Telemedicine Visit Set-Up:  

  • Work with your institution to identify a HIPAA-compliant and reliable telemedicine platform.  The user-friendliness of your platform alongside you and your patient’s environments can impact the quality of communication by telemedicine. Use a high-quality webcam and microphone on a laptop, desktop computer, or tablet (avoid smartphones) and ensure a stable internet connection (2).
  • Consider patient characteristics (e.g. technological savviness, preferred language, hearing issues, cognitive impairment) and the tasks you hope to accomplish to determine if a telemedicine visit is appropriate before scheduling a telemedicine encounter.
  • Identify a designated person (e.g. nursing or medical assistant) to do preparation and teaching about the technology prior to make the clinical appointment more efficient. This should include information about the length and purpose of the visit, the technology being utilized, verification of the patient’s internet capacity, and a back-up plan (e.g. telephone call) if things fail.
  • For visits with multiple team members, decide if you should sit side-by-side on one screen (sharing one camera) or on separate screens from different computers or locations.  Although it may require greater technical sophistication, utilizing separate screens allows each clinician to position his or herself in front of a camera. This can make it easier for the patient, family, and IDT members to appreciate all participants’ non-verbal cues.  
  • Use a technology-checklist to confirm your equipment is working properly and to minimize technological complications before your visit begins (2).  
  • Confirm all participants are well-lit, visible on the screen, and can hear each other well (3).  When needed, the clinician should assume the role of the clinic visit “film director”.  For example, if a caregiver is not viewable on the screen, ask for camera adjustments so everyone is in view.
  • Orient your patient to where you and any collaborating clinicians are sitting.  Assure the patient you are in a private, confidential space and inquire if they are in a physical location where they feel comfortable sharing medical information with you.
  • Ask the patient to introduce who is in the room with them.

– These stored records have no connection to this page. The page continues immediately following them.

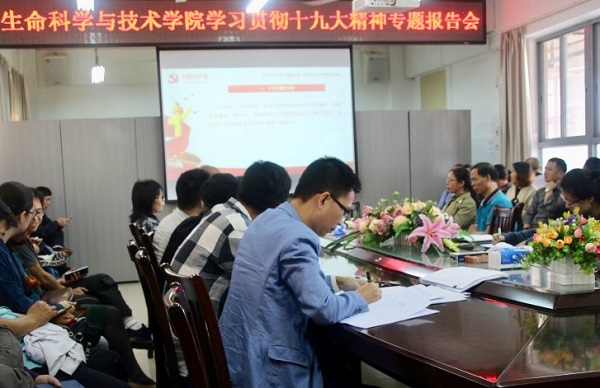 【生科院新闻中心11月30日讯】根据学校党委《关于学习宣传贯彻党的十九大精神的工作方案》要求和学校《关于做好党的十九大精神宣讲工作的通知》精神,11月30日下午,生命科学与技术学院于燕雷楼D505室召开学习贯彻党的十九大精神专题辅导报告会,并特别邀请党的十九大精神校内宣讲团成员、马克思主义学院洪小瑛副教授进行授课,宣讲党的十九大会议精神。会议由生科院党委袁长春书记主持。
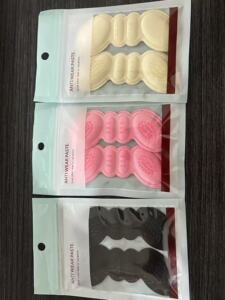 ハイヒールの滑り止めは後ろにステルスを貼って、足を磨かないようにします。
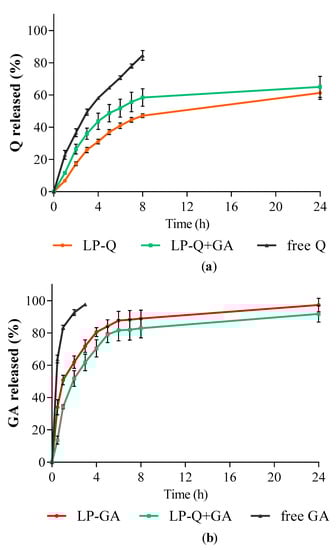 Q was efficiently entrapped both in LP-Q and LP-Q+GA (EE % >85%), as a consequence of its lipophilic nature that favors its incorporation inside the lipid bilayer. This is in agreement with the reported high EE % for Q in liposomes, ranging from 67% to 89%, [56,59,60,61]. Recently, Riva et al. [41] also demonstrated that the employment of phytosomes can increase the solubility of this polyphenol, thus promoting the entrapment of Q into the vesicles.
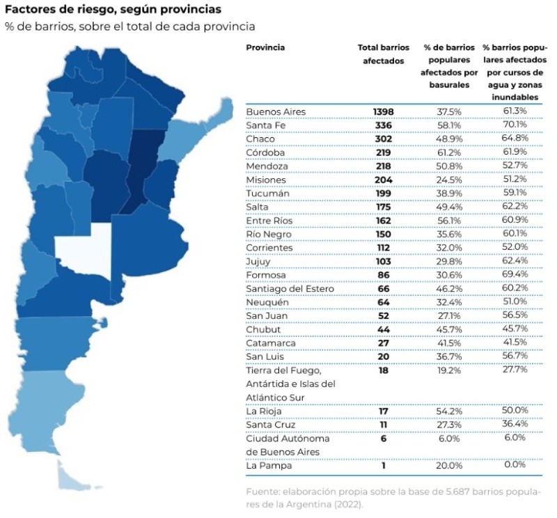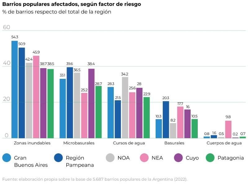 El 40% de los barrios populares de Argentina se encuentran expuestos a por lo menos un factor de riesgo ambiental, como inundaciones o contaminación por presencia de residuos y cercanía con cursos y cuerpos de agua en mal estado. Además, la falta de recursos e infraestructura agrava este panorama.
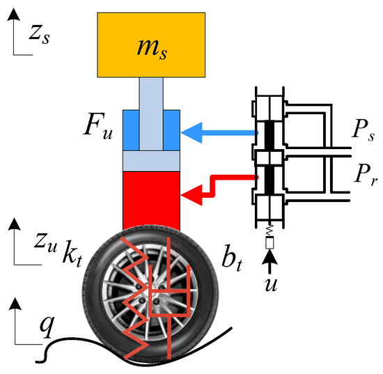 The suspension system of a three-axle heavy-duty vehicle is composed of six independent sets of EHASS. These MEHASS rigidly connected the wheels to the vehicle body. A schematic diagram of the EHASS for an individual wheel, as depicted in Figure 2, consists of an asymmetric hydraulic cylinder and its corresponding electro-hydraulic servo valve.
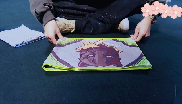 这不,在悠闲的叠毛巾呢。
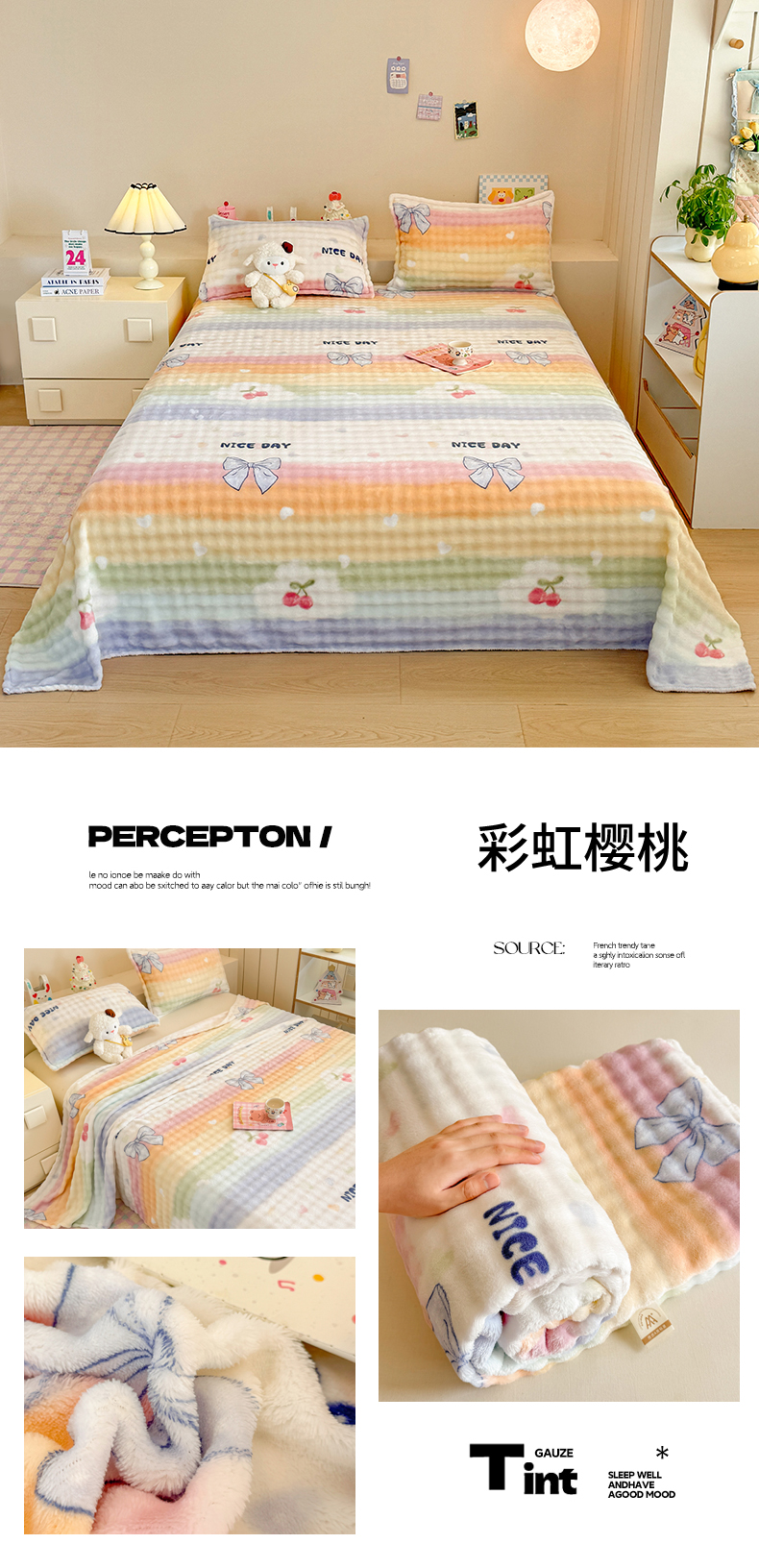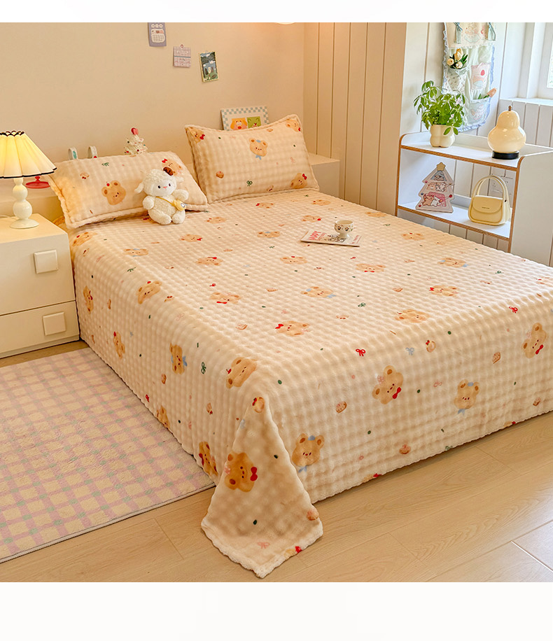 (总)绣女坊 2025新款A类高克重牛奶绒泡泡绒印花床单单件冬季保暖毛绒毯子绒床单三件套,黄油小熊,爱心kt,爱心蝴蝶结-绿,彩虹樱桃,公主kt,蝴蝶结-兰,画笔卡通,简单条格,维尼日记,星星小熊,元气格子,追梦努比
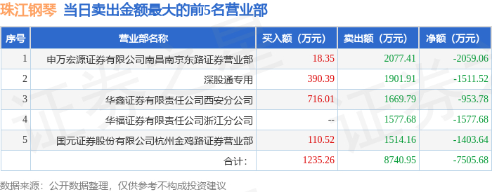 证券之星消息,沪深交易所2025年10月27日公布的交易公开信息显示,珠江钢琴(002678)因日跌幅偏离值达到7%的前5只证券登上龙虎榜。此次是近5个交易日内第3次上榜。
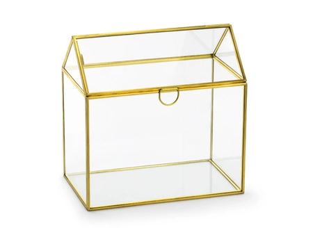 - Szklane pudełko na koperty w kształcie domku ze złotym obramowaniem, wielkośc ok 13x21x21 cm.
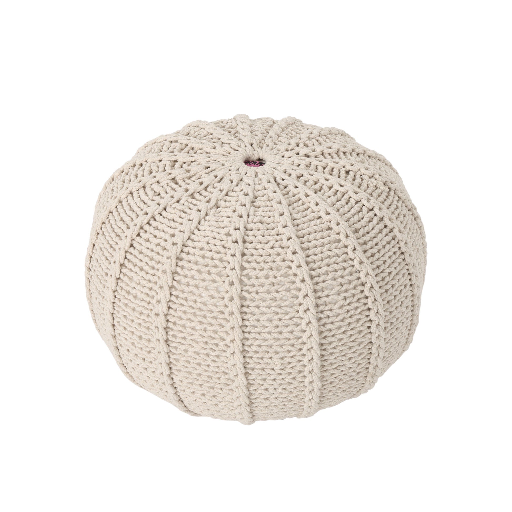 Bordeaux - Knitted Cotton Round Pouf, Versatile Ottoman And Floor Cushion - Beige
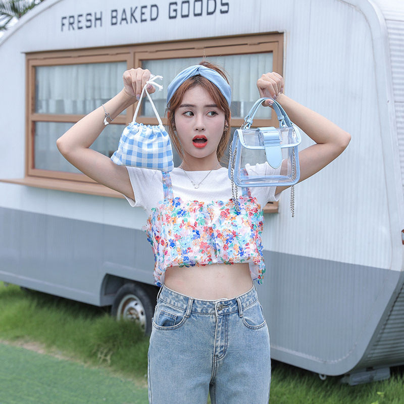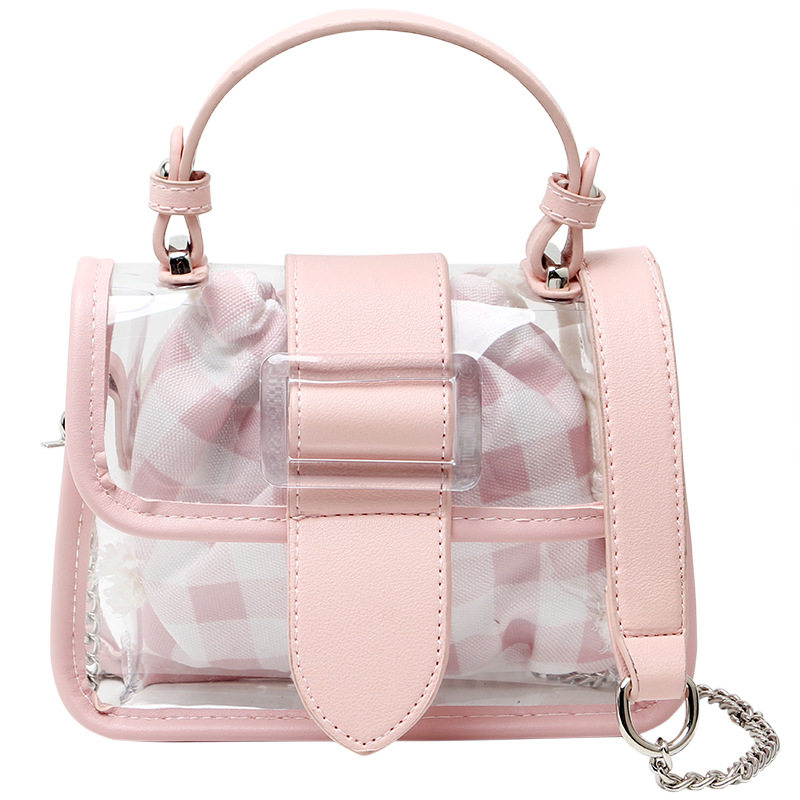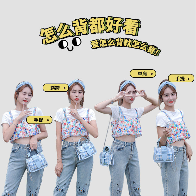 格子透明包2025新款包果冻斜挎包链条小方包痛包现货
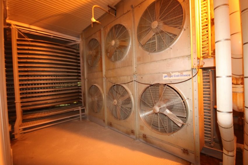 Northfield Tandem Spiral Freezer System, 1st Column with 16 Tier @ 3.5? Spacing, 2nd Column with 7 Tier @ 11 3/4? Spacing, Includes Late Model Belts, Steel Frame Constructed, Allen Bradley SLC 5/03 PLC Controls, Toshiba VFD, Model Tosvert-130 and (4) Imeco Frigid Coil 3- Fan NH3 Evaporator Blowers (Located By Brine Room)
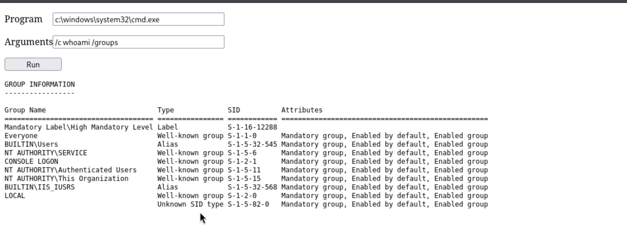 NT AUTHORITY\INTERACTIVE Well-known group S-1-5-4 Mandatory group, Enabled by default, Enabled group
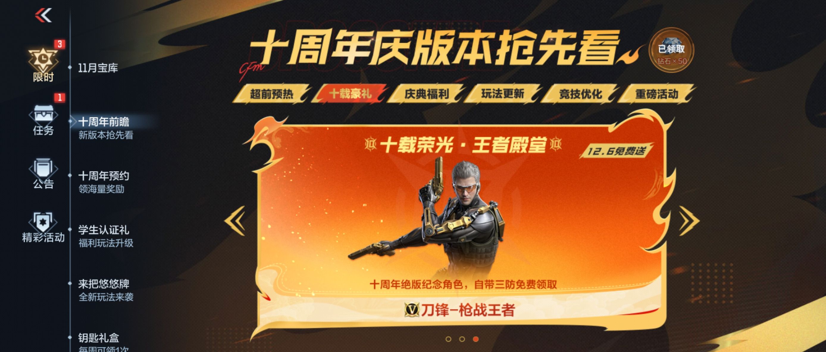 起初王炸黑市活动是从2025年9月1号开始,一直持续到2026年的6月30日,这样的话就能够给大家长时间的去体验,现如今cf手游又推出了10周年的活动。王炸黑市的活动时间正好覆盖了为期一个月的10周年活动,此时福利大幅度的上升,比如玩家已经发现这时候推出了王者级别的八一是王者之尊,另外还会自带三防绝版的角色,这样的话,能够让玩家在体验该游戏的时候,有了新的体验感。
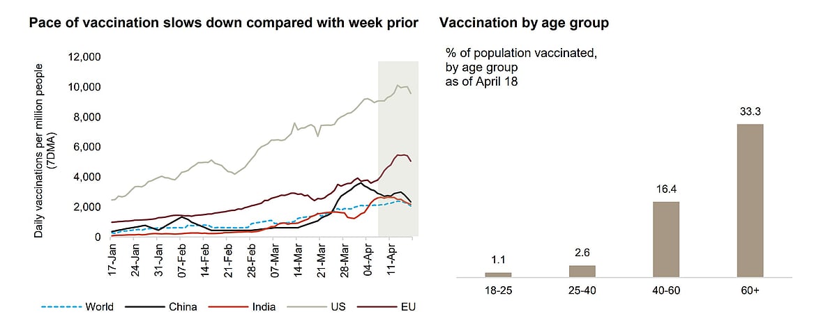 According to Crisil report, India’s average daily vaccination per million people in the week ending April 18 was 2408, lower than 2554 per million in the previous week, indicating the slowdown in pace. “As of April 18, 16.4 per cent of the population in the age group of 40-60 were vaccinated, and among those aged 60 plus, a higher 33.1 per cent have been vaccinated,” stated Crisil in its report.

Verbal communication during the visit: While most recommended serious illness communication practices apply to telemedicine visits, the following bullet points offer unique telemedicine considerations:

  • Talk slower than in-person by embracing pauses in conversation; this can prevent participants from talking over each other (4).
  • Explicitly request the patient’s permission before discussing a sensitive or difficult topic. Observe verbal and non-verbal responses to gauge whether it is safe to proceed with the conversation (5).
  • If you are having difficulty hearing or understanding your patient, ask directly for clarification: “What you’re saying is really important to me. Can you repeat what you said?”
  • Since your facial expressions can be more difficult to interpret and light touch is not possible, clinicians will need to prioritize empathetic statements so they can respond to patient emotions appropriately: “I can’t imagine how difficult this has been for you(6).”
  • Closing telemedicine visits can feel abrupt or awkward. Utilize a warning shot: “We have about 10 minutes left.  What might be most helpful to discuss as we finish up our appointment today?”

Non-verbal communication during the visit:

  • Good eye-contact is key since the quality of your attention is more evident by video than in-person. Frequently observe your facial expressions and estimate your gaze with your camera positioned slightly above eye-level (7).  
  • Avoid typing when discussing sensitive or important topics (8). If you need to look something up on your computer or the patient’s medical chart, explain what you are doing to avoid appearing distracted or disinterested. 
  • Maximize the patient on your computer screen to give yourself the best chance of appreciating their body language and subtle facial expressions.
  • When utilizing body language to convey empathy, make sure it is visible on the patient’s screen.

After the visit:

  • When seeing a patient with other team members, confirm the patient has exited the telemedicine platform before debriefing.
  • Consider sending a written summary of the visit through secure email or your electronic medical record to your patient with key recommendations.
  • When conducting serial telemedicine visits, create a small habit or routine (e.g. stepping away from your computer to take a few deep breaths or a quick stretch) between visits to minimize fatigue and prepare yourself to communicate effectively with your next patient. (9)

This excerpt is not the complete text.